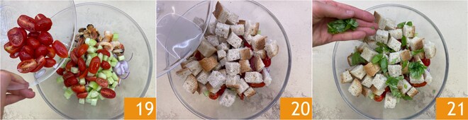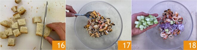 Finalmente reduce el pan en cubos de aproximadamente 3 cm 16. Estás listo para ensamblar el plato: en el bol con las gambas y los calamares añade los mejillones 17, la cebolla y los pepinos 18.
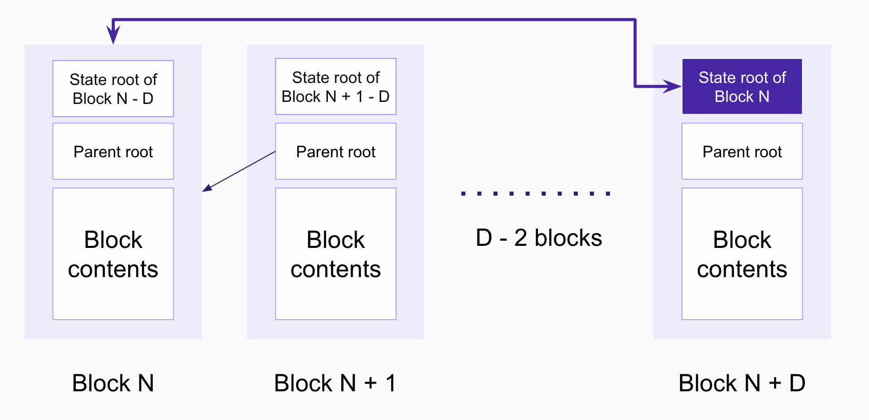 1. After the network comes to consensus (2/3 majority vote) on block N (typically upon receiving block N+2, which contains a QC-on-QC for block N), it means that the network has agreed that the official consequence of block N-D is a state rooted in merkle root M. Light clients can then query full nodes for merkle proofs of state variable values at block N-D.
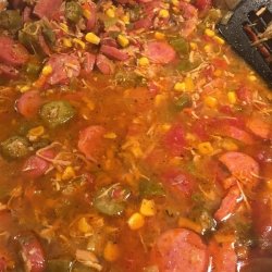 "Gumbo has a history of being made with roux, but my Mom's recipe didn't have it. Now it is my most requested item at work, tailgating parties, and at home. The vegetables really shine in this gumbo!"
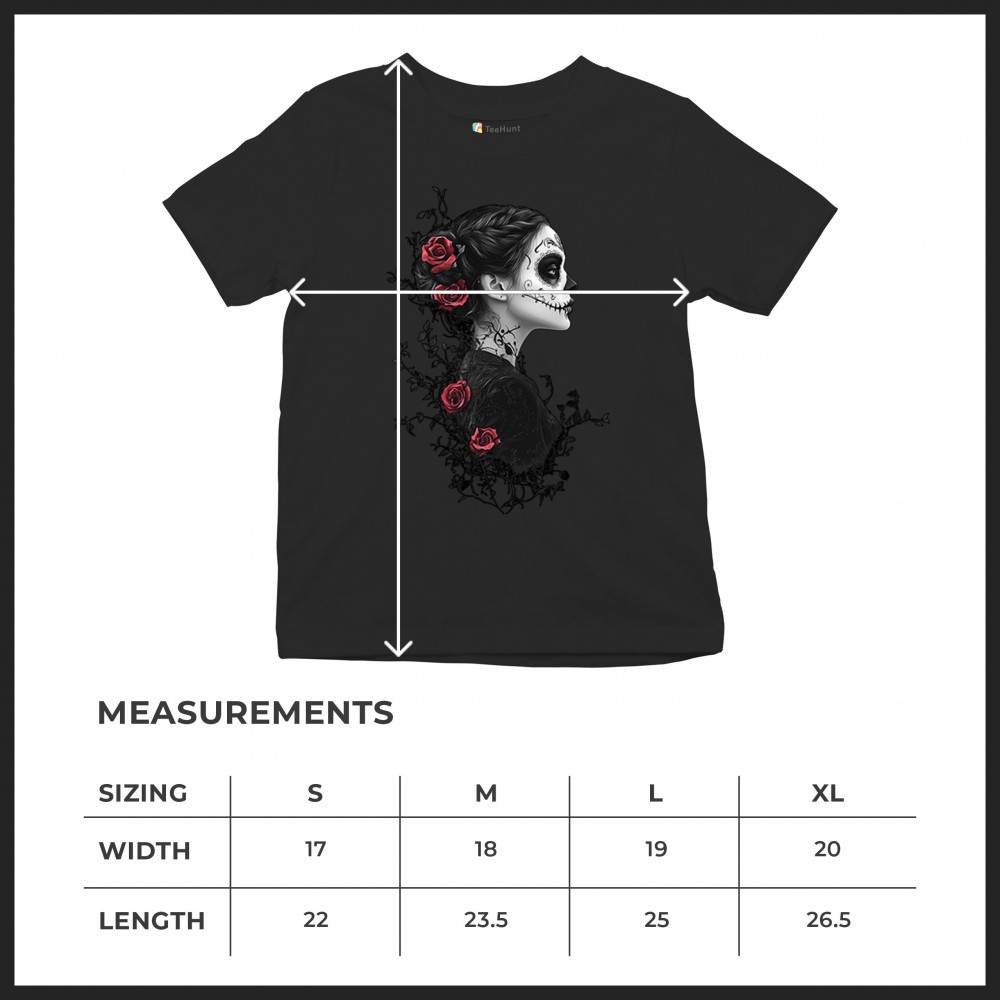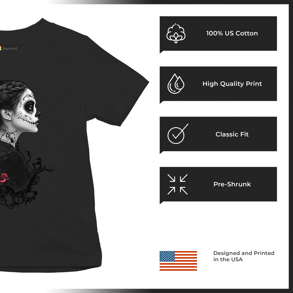 Celebrate Dia de los Muertos in style with this refined sugar skull woman design. Featuring a side profile view, vibrant red roses, and dark gothic floral elements, it creates a graceful balance between mystery and beauty. Ideal for fans of macabre art, skull themes, and honoring ancestral traditions through elegant visuals.
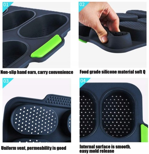 - Funkcja nieprzywierającej patelni: silikonowa taca do pieczenia bagietek jest wystarczająca, aby z wyodrębnić ich zawartość, wystarczy wydobyć ciastka ciśnieniowe przym palcem, naturalnie nieprzywierająca do usunięcia uwolnienia, należy go oczyścić. Pożegnaj na zawsze moczenie i szorowanie mechanicznych naczyń do prania
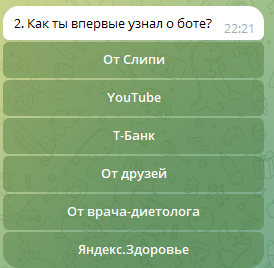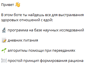 С помощью телеграм-программы якобы можно эффективно регулировать свою пищевую стратегию и избежать перееданий. Умный робот отслеживает время приема пищи, рацион пользователя и дает рекомендации по улучшению food поведения. Пользователю необходимо честно заносить информацию в Telegram сервис обработки данных Teya. При запуске системы контроля людям нужно указать сведения о том, откуда стало известно о фуд приложении.
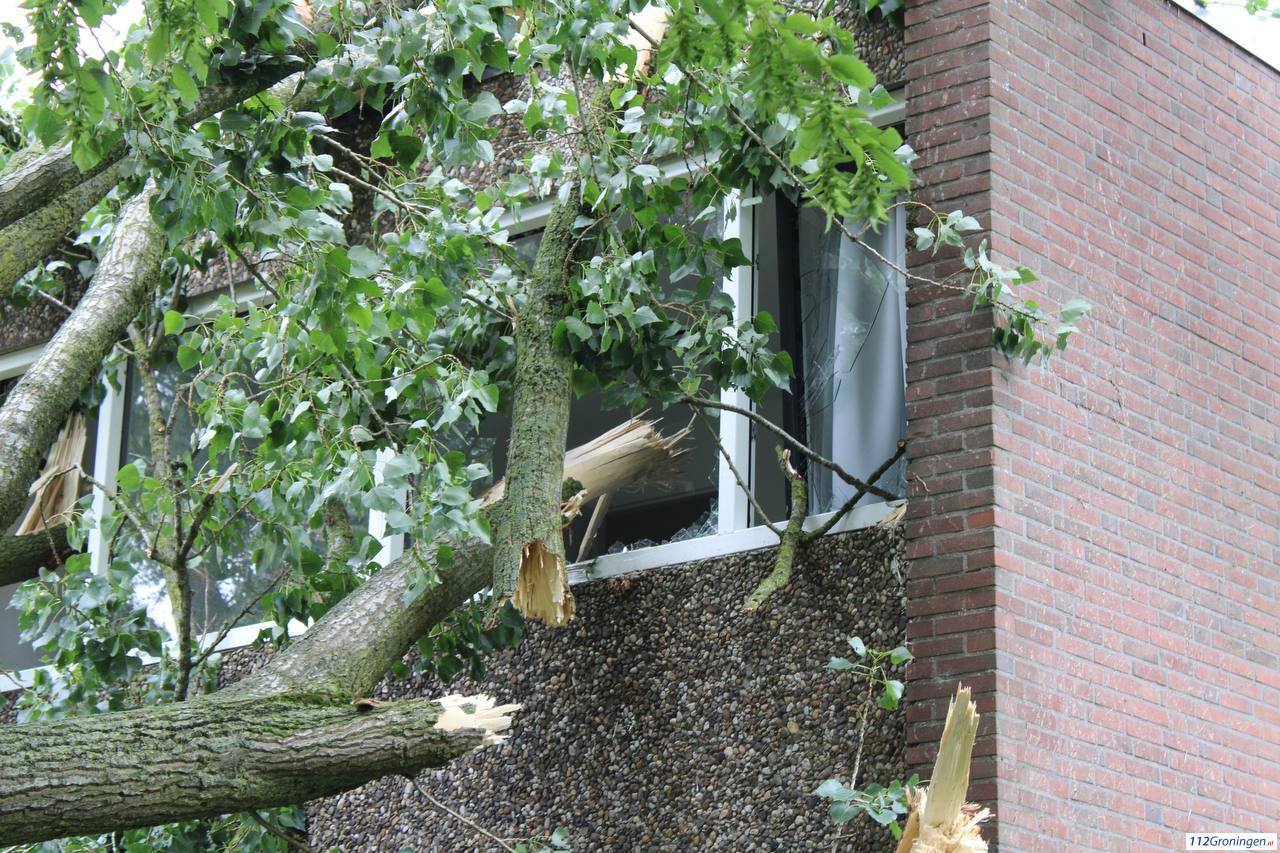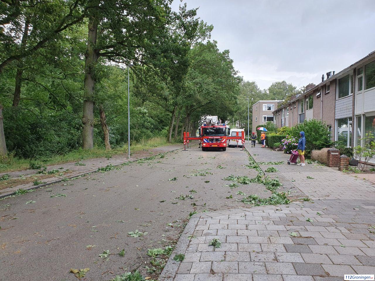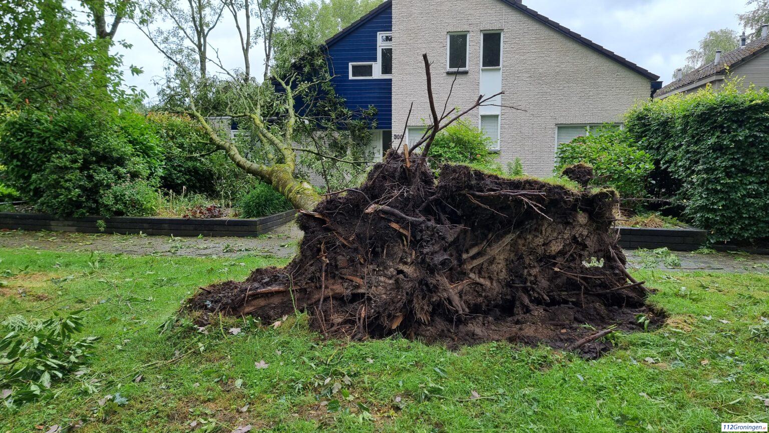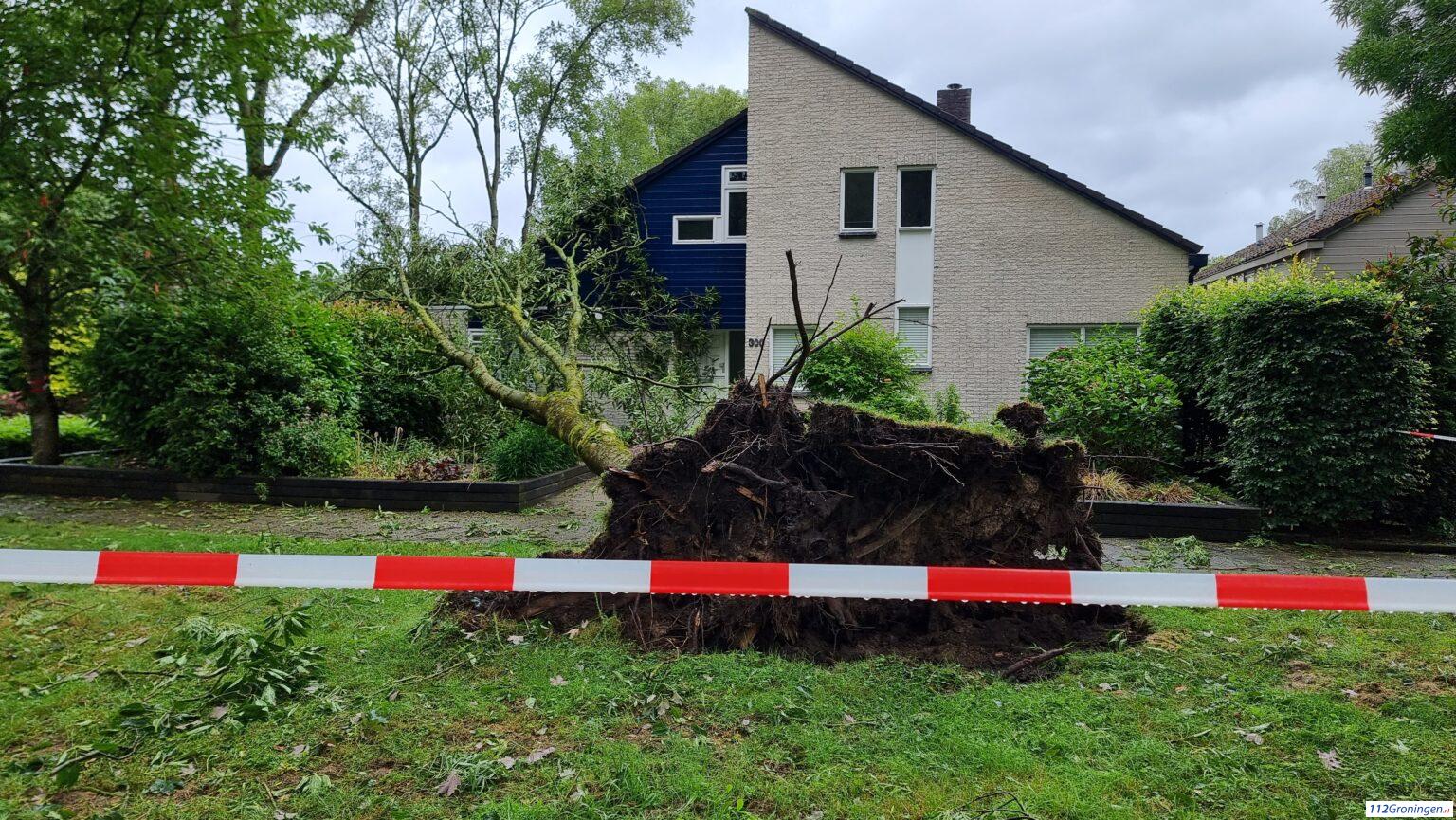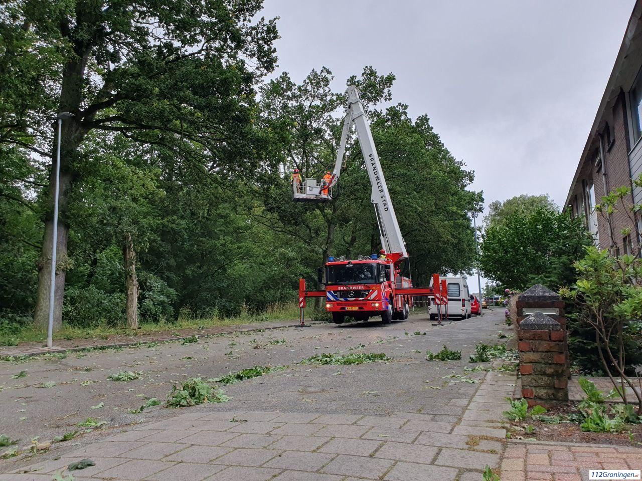 Groningen – Aan de Du Perronlaan in de Weijert zuid is een boom op een woning gevallen.
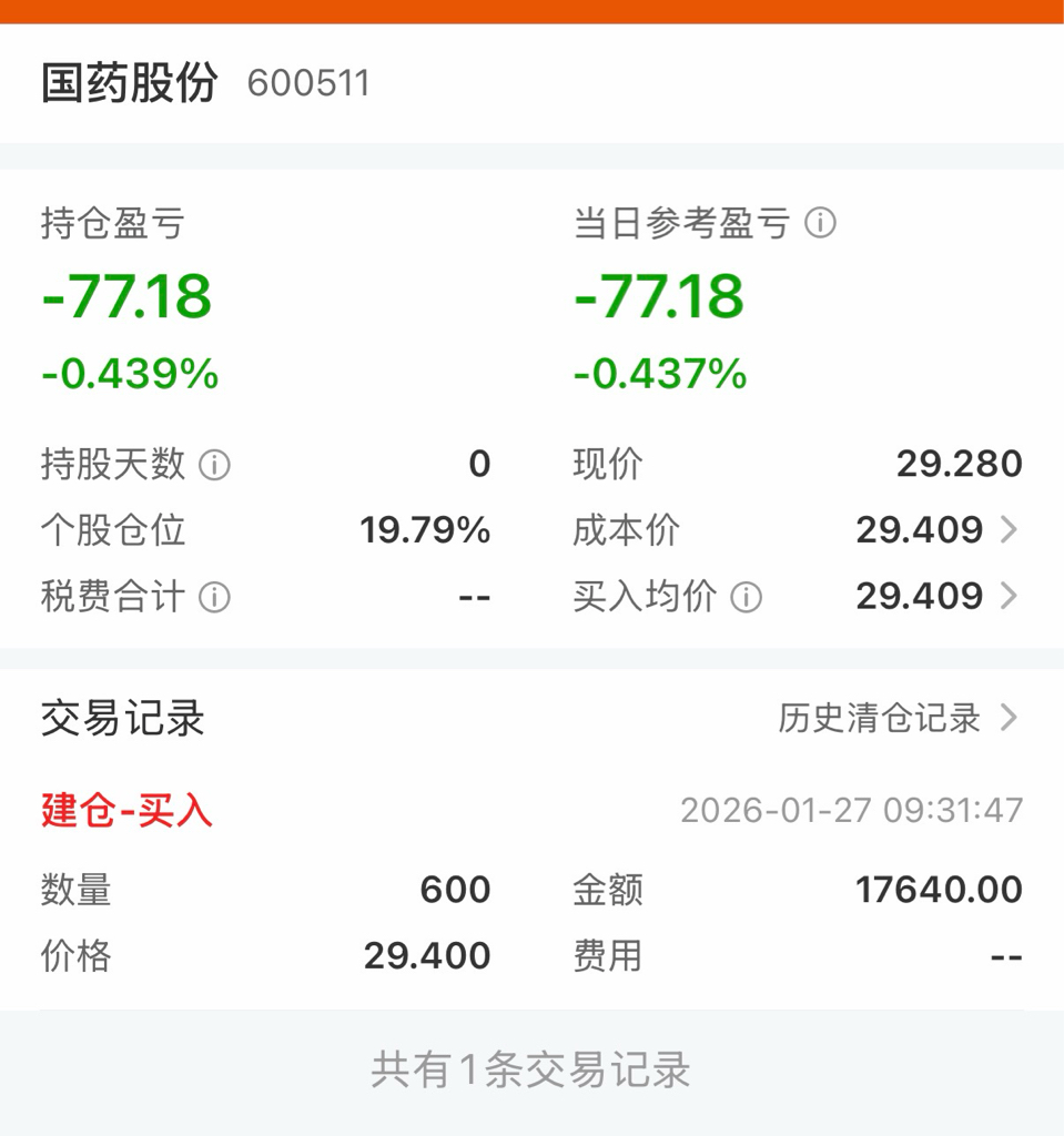 $国药股份(SH600511)$ 昨晚研究了一晚,怕今天高开买不了,看见29.4狂按买入,直接套上
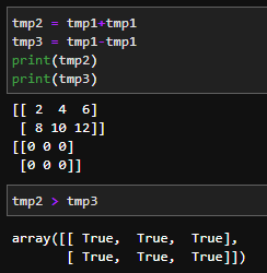 tmp3 Numpy배열은 모두 0으로 구성되어있으므로, tmp2의 값이 모두 tmp3의 값들보다 크죠? 그래서 모두 True로 구성된 배열이 생성된 것입니다.
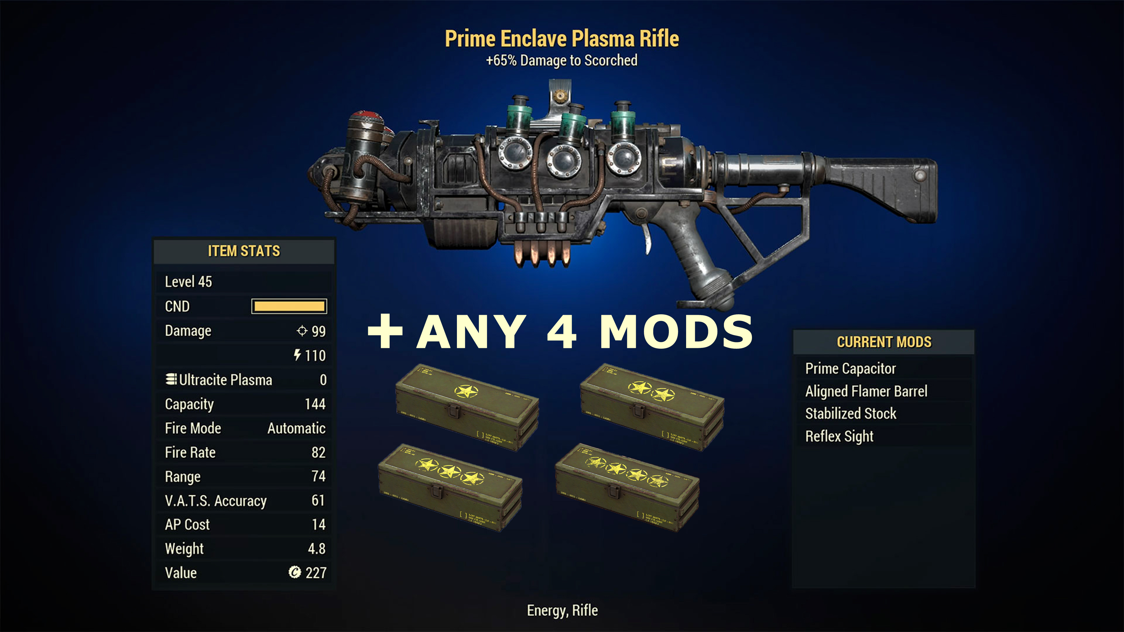 Enclave Plasma Flamer with Automatic Flamer Barrel and Reflex sight + 4 Legendary Mods Of Your Choice

--

_WHAT IS EXPECTED:_ What is needed is a word-for-word copy of the lines from the one containing "- Funkcja nieprzywierającej" through the final line of the records above, both included, with the pictures left out.

_SOLUTION FOR THIS EXERCISE:_
 - Funkcja nieprzywierającej patelni: silikonowa taca do pieczenia bagietek jest wystarczająca, aby z wyodrębnić ich zawartość, wystarczy wydobyć ciastka ciśnieniowe przym palcem, naturalnie nieprzywierająca do usunięcia uwolnienia, należy go oczyścić. Pożegnaj na zawsze moczenie i szorowanie mechanicznych naczyń do prania
 С помощью телеграм-программы якобы можно эффективно регулировать свою пищевую стратегию и избежать перееданий. Умный робот отслеживает время приема пищи, рацион пользователя и дает рекомендации по улучшению food поведения. Пользователю необходимо честно заносить информацию в Telegram сервис обработки данных Teya. При запуске системы контроля людям нужно указать сведения о том, откуда стало известно о фуд приложении.
 Groningen – Aan de Du Perronlaan in de Weijert zuid is een boom op een woning gevallen.
 $国药股份(SH600511)$ 昨晚研究了一晚,怕今天高开买不了,看见29.4狂按买入,直接套上
 tmp3 Numpy배열은 모두 0으로 구성되어있으므로, tmp2의 값이 모두 tmp3의 값들보다 크죠? 그래서 모두 True로 구성된 배열이 생성된 것입니다.
 Enclave Plasma Flamer with Automatic Flamer Barrel and Reflex sight + 4 Legendary Mods Of Your Choice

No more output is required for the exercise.